6. I'm considering to produce all output results as a KeyedArray, [e.g. see an example](https://github.com/ParadaCarleton/ParetoSmooth.jl). This will in some places also affect packages in StanJulia, e.g. StanOptimize, StanQuap and DiffEqBayesStan. These will be updated accordingly and all brought to what I consider v4 level. StanSample.jl is pretty much done and by default returns a KeyedArray chain as shown above.

7. A lot of documentation updates!! Introductory docs for StatisticalRethinking.jl and Stan.jl on Github, on-line docs for functions in all sub packages.
goedman commented 3 years ago

Steps/sequencing:

These are very significant changes to SR. Not all of this will be available the first time around.

These are my current priorities for phase one:

  1. Initially I'll work primarily on

    1.1. StatisticalRethinking.jl v4, 1.2 StatisticalRethinkingStan.jl (the project) and 1.3 StatisticalRethinkingPlots.jl.

    Thus Stan, i.e. Stan's cmdstan executable, will remain my primary means to draw MCMC samples.

  2. During the first phase it's basically a refactoring of the existing code base (mainly the introduction/completion of @require barriers and moving graphics to StatisticalRethinkingPlots.jl)

  3. Adapting the code base to AxisArray.jl based chains.

  4. Where possible, existing functions will be updated to accept KeyedArray chains and DataFrame based input.

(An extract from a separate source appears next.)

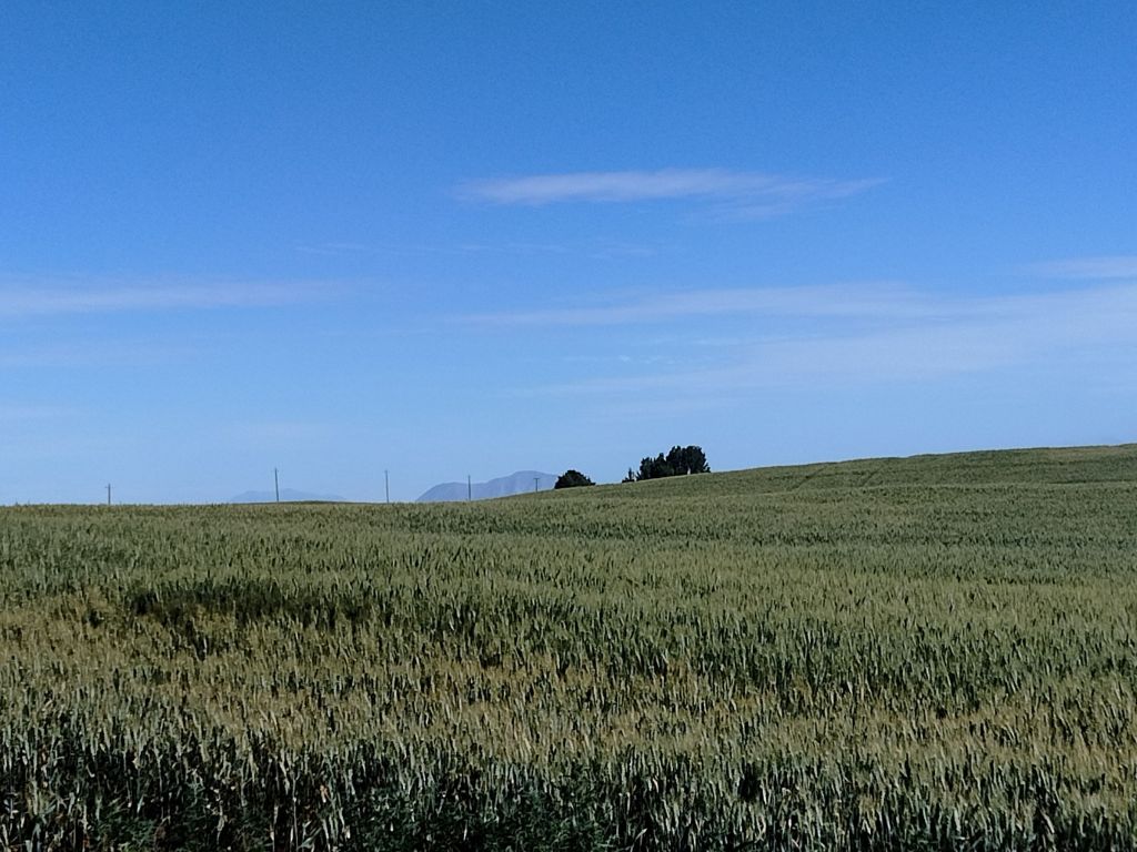 BSB is one of the biggest perks of living in the particular farmhouse where we do. Our house is perched on a rather high spot in the midst of relatively flat farms and desert. Looking north from our yard, you can see 30 miles to Big Southern Butte, and on clear days, to the Sawtooths beyond. It looks best around sunset, when it and the Twin Buttes to east of it are lit dramatically and often attract their own clouds. I have been trying to photograph it since we moved here, usually without much success, but in the picture of our downed tree above, you can see BSB in the distance. And here it is looming over the wheatfields:

  5. It's simple to convert an MCMCChains.Chain object into a KeyedArray chains object. A method for this will be provided. This will possibly drop some info added e.g. by Turing.

ParadaCarleton commented 3 years ago

If you haven't already switched to AxisArray.jl, you might want to check out DimensionalData.jl, which does essentially the same thing, but seems to be better documented and has better support. The AxisArrays/DimensionalData devs have suggested merging the two packages at some point in the future.

goedman commented 3 years ago

Thank you @ParadaCarleton , I will certainly take a look! I'm pretty impressed with AxisKeys.jl.

AxisArrays.jl, in my opinion, for chains at least, was a bit of a mistake. But a lot can improve in a few years!

goedman commented 2 years ago

In StatisticalRethinking v4 most of above ideas have been implemented (and a few more in fact). For now I'll close this issue.